"""
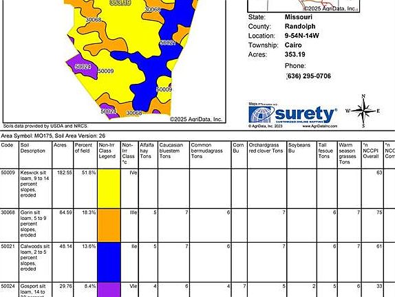 353.8 ac Surveyed acres Randolph County. Farm is currently in pasture, owner putting farm in row crop & is willing to rent it back at $250 per tillable acre. Owner is projecting that there will be approximately 304 acres tillable. There is a 4-5 acre pond in the Southeast section of the Farm. Priced at $7200 per acre
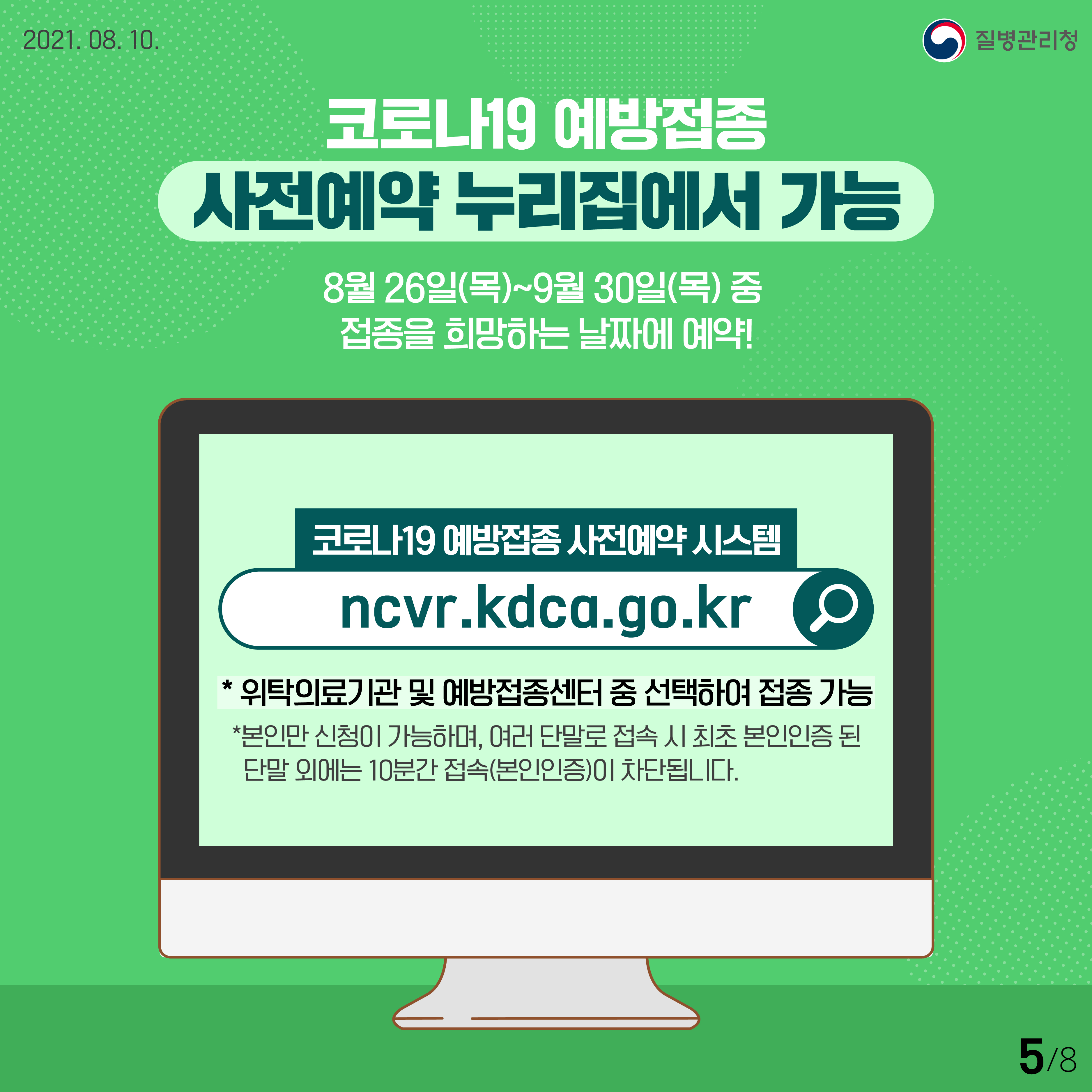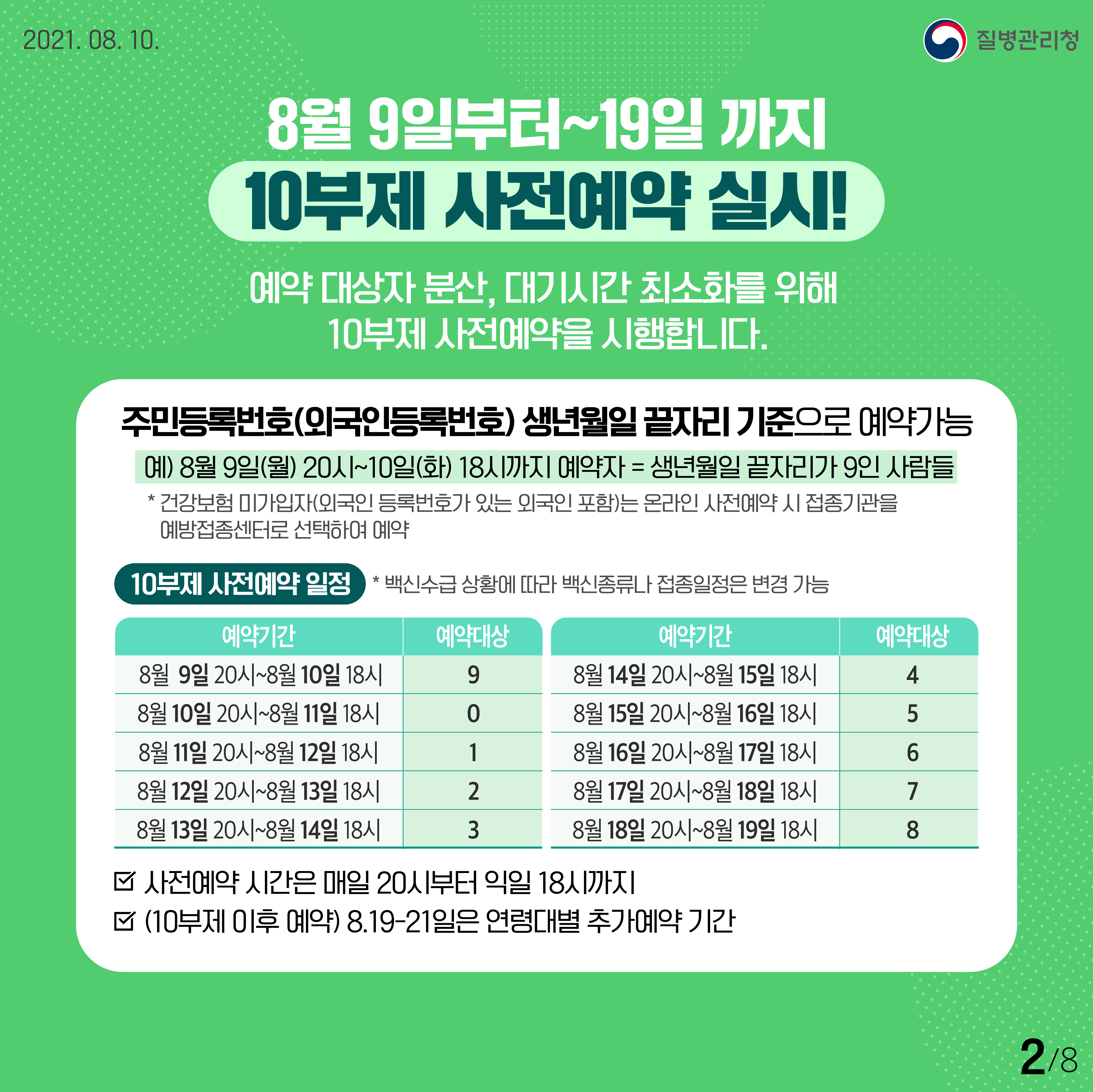 코로나19 사전예약 및 접종기간 안내, 접종신청사이트, 10부제 시행
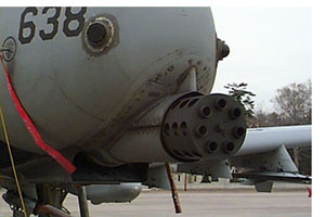 The empty shell casings are collected and recycled in a large tank in the belly of the plane, lest they fly out and get in to the fans of the twin jet engines. Wide open, these guns could expend their total load in just about 20 seconds, but short bursts are usually all that is needed to do the job. Sustained firing would melt the barrels.
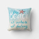 Het is duidelijk dat het strand mijn gelukkige plek is! Dit kussen is voorzien van een koraalzeester met een typografie die zegt: "Het strand is waar ik thuishoor" op een blauwe en roomachtergrond. De achterkant van de kussen is een zandige, beige kleur. Ideaal voor thuisgebruik, huishouden, cabine of voor een ander decor van elke dag! Ontwerp van Jenn's emporium.
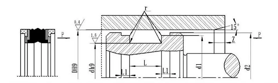 TPM संयुक्त पिस्टन (बोर) सिल पाँच-घटक कम्प्रेसन पिस्टन सील एसेम्बली हो जसमा प्रोफाइल गरिएको रबर सील तत्व, दुई रिटेनिङ रिंगहरू, र दुई गाइड रिंगहरू हुन्छन्। यसको नाली डिजाइन प्रभावकारी रूपमा विधानसभा को समयमा विरूपण रोक्छ र द्विदिश दबाव पिस्टन सील लागि उपयुक्त छ।
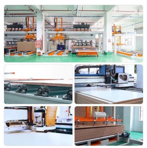 从智造力和设计力来看,爱阁工房建立了40000m²自主研发制造中心,拥有2000m²家居生活体验中心,自2003年成立至今,始终“以客户为中心”,坚持“精工品质、高质交付”的企业精神,引进德国豪迈生产设备,建立无尘压贴车间,形高度智能化的自动化产线,实现大规模非标准化定制生产;积极探索“5G+工业互联网”与实体经济的融合,推动企业数字化、网络化、智能化发展,利用酷家乐、德国WCC等软件,将设计、生产、交付环节打通,做到“所见即所得”,品质、交期双保证,提升终端竞争力。
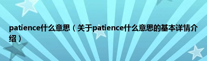 本文关于patience什么意思的基本详情介绍就讲解完毕,希望对大家有所帮助。
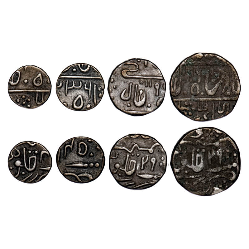 | Partabgarh, Silver Rupee, ½, ¼, 1/8 (4 Coins), British Protectorate issues and Dulep Singh (AH 1241-1281, 1825-1864 AD), INO Shah Alam II, AH 1199/29, 1236/45 RY. KM 13,12,23 11 . Very Fine, Very Scarce. |
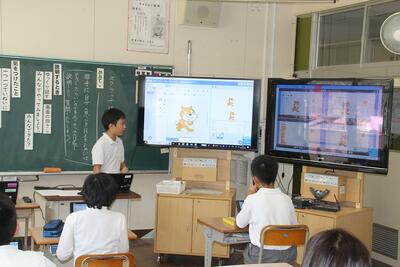 特別支援学級の児童とN先生による自立活動の研究授業と授業研究会を行いました。研究授業では、スクラッチというアプリケーションソフトを使ったプログラミングを活用して、「自分の考えをしっかり伝えよう」という学習でした。自分が作成したプログラムを説明して一緒に作成したり、分からないところを質問したりしました。授業研究会では、八代市教育サポートセンターのNサポーターを講師にお招きして、授業の成果と課題について検討しました。Nサポーターから、ICTの活用や複式学級での思考性のある教育活動の積み上げ・児童の実態把握と信頼関係づくり・場に応じた即時支援の効果などについて成果をあげていただきました。また、児童主体の目標設定と振り返り、通常学級における自立活動的な学習について助言をいただきました。本校の特別支援教育のさらなる推進について大変参考になりました。特別支援学級の児童、授業者のN先生、Nサポーター、ありがとうございました。
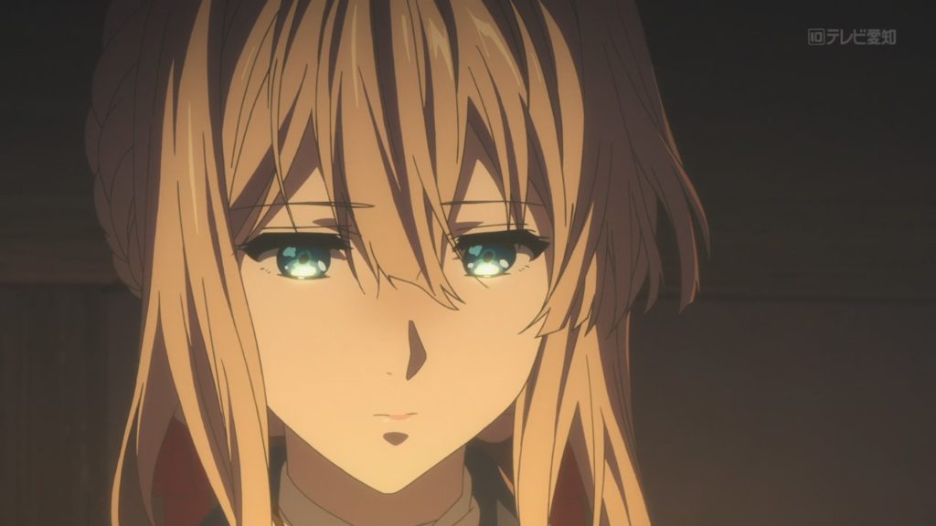 Por fim temos uma cena linda do Major escolhendo o nome da Violet. Notem como tentam manter ele como figura constante, aparecendo todo episódio em um flashback rápido. Se continuarem fazendo isso só para dizer para garota que ele está morto no final… vai ser muito triste.
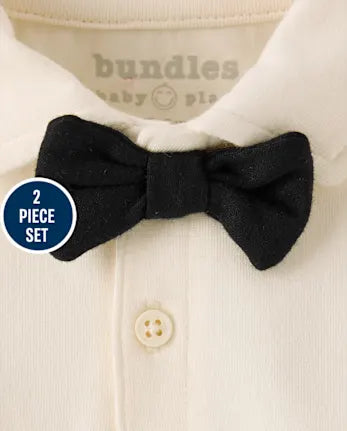 - FABRICATION: 94% cotton/6% spandex jersey bodysuit, 86% polyester/12% rayon/2% spandex jacquard pants, 100% cotton interlock bow tie, imported
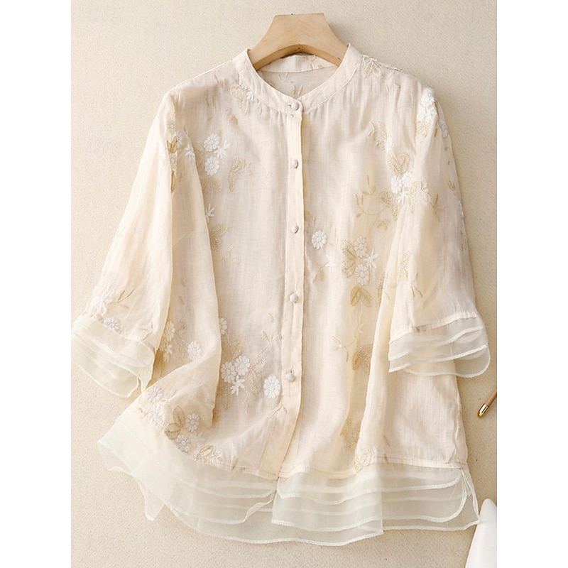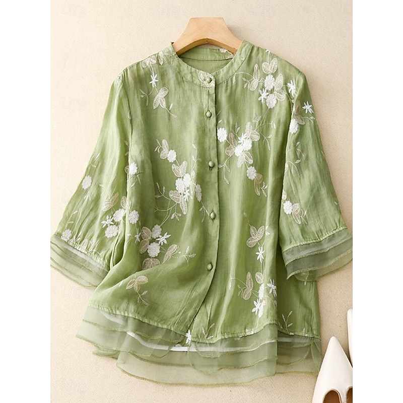 HOT ! Women's Shirt Cotton Linen Shirts Button Up Blouse Floral Basic Casual 3/4 Length Sleeve High Neck Regular Tops Daily Embroidered Buttons Yellow Purple Green Beige Summer Spring Fall
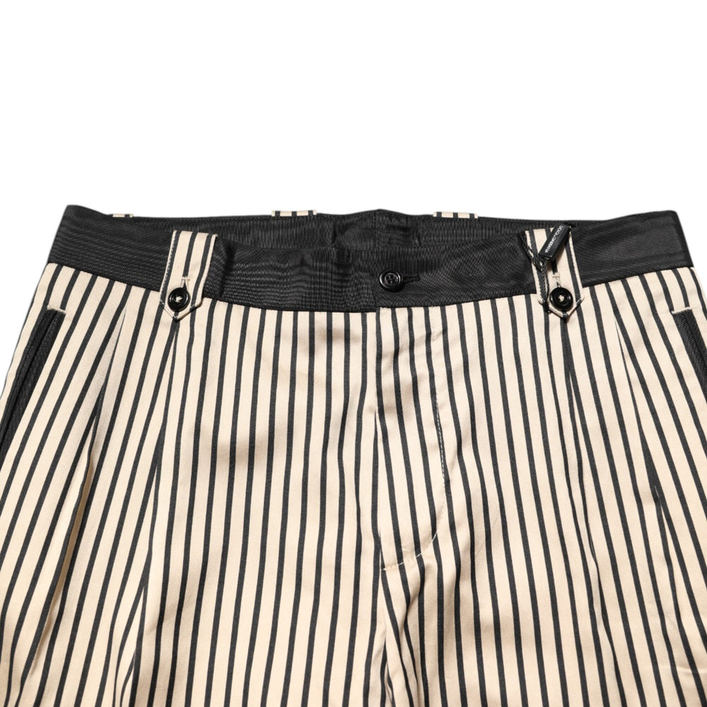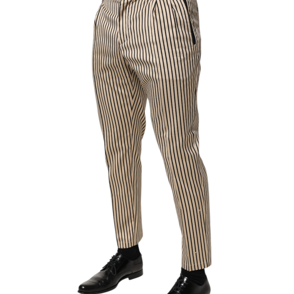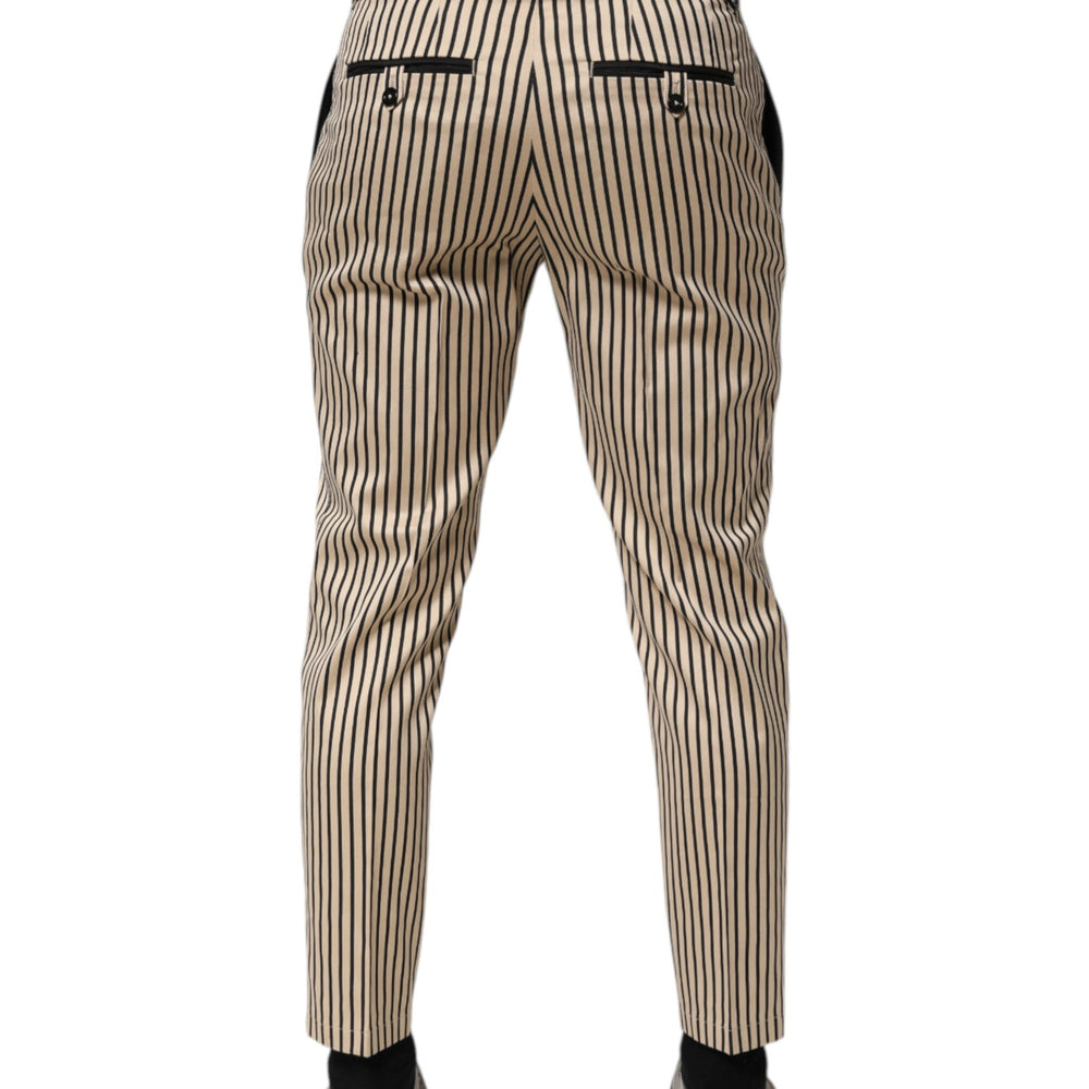 Beige Black Striped Cotton Slim Fit Trousers Pants
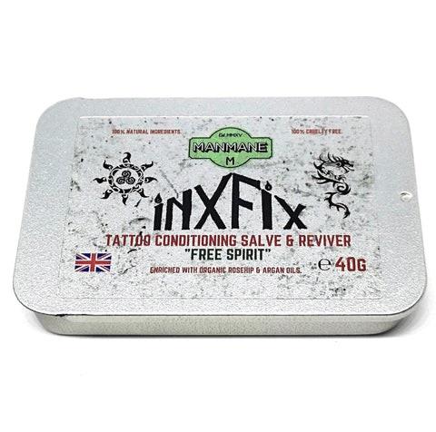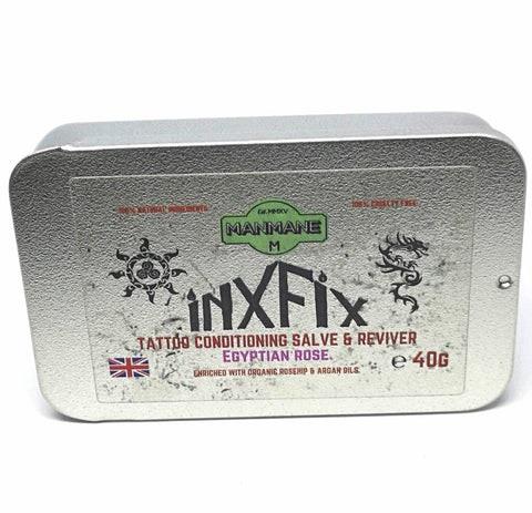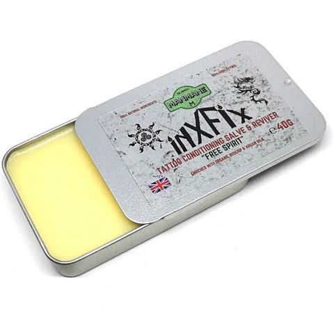 Our salves contain Jojoba wax which is natures closest match to your skins natural oil called sebum. This creates a healthy balance within and underneath your top skin layer the Epidermus. Carnauba wax was added to add vibrancy to the and sheen to your body art. The wax has been used in polishes for the car and wood industry for many years and along with this wonderful benefit it is harmless , 100% Natural and plant based so again working with nature not against it. Organic Shea butter is a fantastic moisturizing properties and is known to treat itching and reduce the need to as well as treating small skin wounds and damaged skin....sound familiar?. The "INXFIX" salves also contain Coconut oil. Coconut oil is naturally antifungal and antibacterial so ideal for the use intended. it also adds to the satisfying aroma of the "INXFIX" salves. The salves are also enriched by the precious oils Argan and Rosehip both of which ...you guessed it ...are certified organic and of the highest quality ( we don't skimp on much cheaper non organic versions). Argan oil is known as a "Dry" oil and is easily and quickly absorbed to lightly moisturise the tattooed area particularly any dry patches which often result after tattoo work. It will also help to settle any acne issues that may be present with daily use. Organic Rosehip oil is wonderful for dehydrated skin and has legendary anti-aging properties thats why it was a no brainer to enrich our salves across the range with it. It also helps to balance out any colour imbalances in the skin areas untouched by ink. The tone of your skin will also benefit from this oil and it is a powerhouse in antioxidants that fight free radicals which can cause skin ailments both at the skin surface and underneath. All in all we would like to assure you the "INXFIX" salves are well thought out and will be of great benefit and we offer it as a contender for the best out there ( trust me we have sampled many market leaders). Our "INXFIX" salves also offer great value for money with a competitive price and because they are so intensive a little goes a long way . We recommend your start off using a small amount and step up or down accordingly. Don't worry you don't need a chemistry degree to work this out your skin will tell you with it absorption time. One 40 g tin will be your friend for 4-12 months depending on your skin type. Each salve is presented in a convenient slide tin which is easily opened . It is also perfectly sized for coat pockets or handbags. The "INXFIX" salves come in two beautiful unisex scents. The essential oils were picked not only for their smell but for their properties. Both blends are designed to be antibacterial and anti-fungal but will work in tandem with the base oils as they share skin care properties. Please note: As with all skin products please patch test initially. DO NOT apply to unhealed freshly tattooed skin. DO NOT use around the eyes or mucous membranes. In conjunction with our entire grooming and cosmetics range the salves are Cosmetic safety tested by a qualified UK chemist and registered on the EU cosmetic notification portal. Both of these are required to comply with UK and EU legislation and necessary before a cosmetic allowed to be offered for sale to the general public. Manmane Ltd takes this very seriously and you can buy with confidence.
"""
◆ **Exercise**: Starting at the line containing "特別支援学級の児童とN先生に" and finishing at the line containing "Beige Black Striped", return those lines exactly as they appear above, without the pictures.

◆ **Answer to this exercise**:
 特別支援学級の児童とN先生による自立活動の研究授業と授業研究会を行いました。研究授業では、スクラッチというアプリケーションソフトを使ったプログラミングを活用して、「自分の考えをしっかり伝えよう」という学習でした。自分が作成したプログラムを説明して一緒に作成したり、分からないところを質問したりしました。授業研究会では、八代市教育サポートセンターのNサポーターを講師にお招きして、授業の成果と課題について検討しました。Nサポーターから、ICTの活用や複式学級での思考性のある教育活動の積み上げ・児童の実態把握と信頼関係づくり・場に応じた即時支援の効果などについて成果をあげていただきました。また、児童主体の目標設定と振り返り、通常学級における自立活動的な学習について助言をいただきました。本校の特別支援教育のさらなる推進について大変参考になりました。特別支援学級の児童、授業者のN先生、Nサポーター、ありがとうございました。
 Por fim temos uma cena linda do Major escolhendo o nome da Violet. Notem como tentam manter ele como figura constante, aparecendo todo episódio em um flashback rápido. Se continuarem fazendo isso só para dizer para garota que ele está morto no final… vai ser muito triste.
 - FABRICATION: 94% cotton/6% spandex jersey bodysuit, 86% polyester/12% rayon/2% spandex jacquard pants, 100% cotton interlock bow tie, imported
 HOT ! Women's Shirt Cotton Linen Shirts Button Up Blouse Floral Basic Casual 3/4 Length Sleeve High Neck Regular Tops Daily Embroidered Buttons Yellow Purple Green Beige Summer Spring Fall
 Beige Black Striped Cotton Slim Fit Trousers Pants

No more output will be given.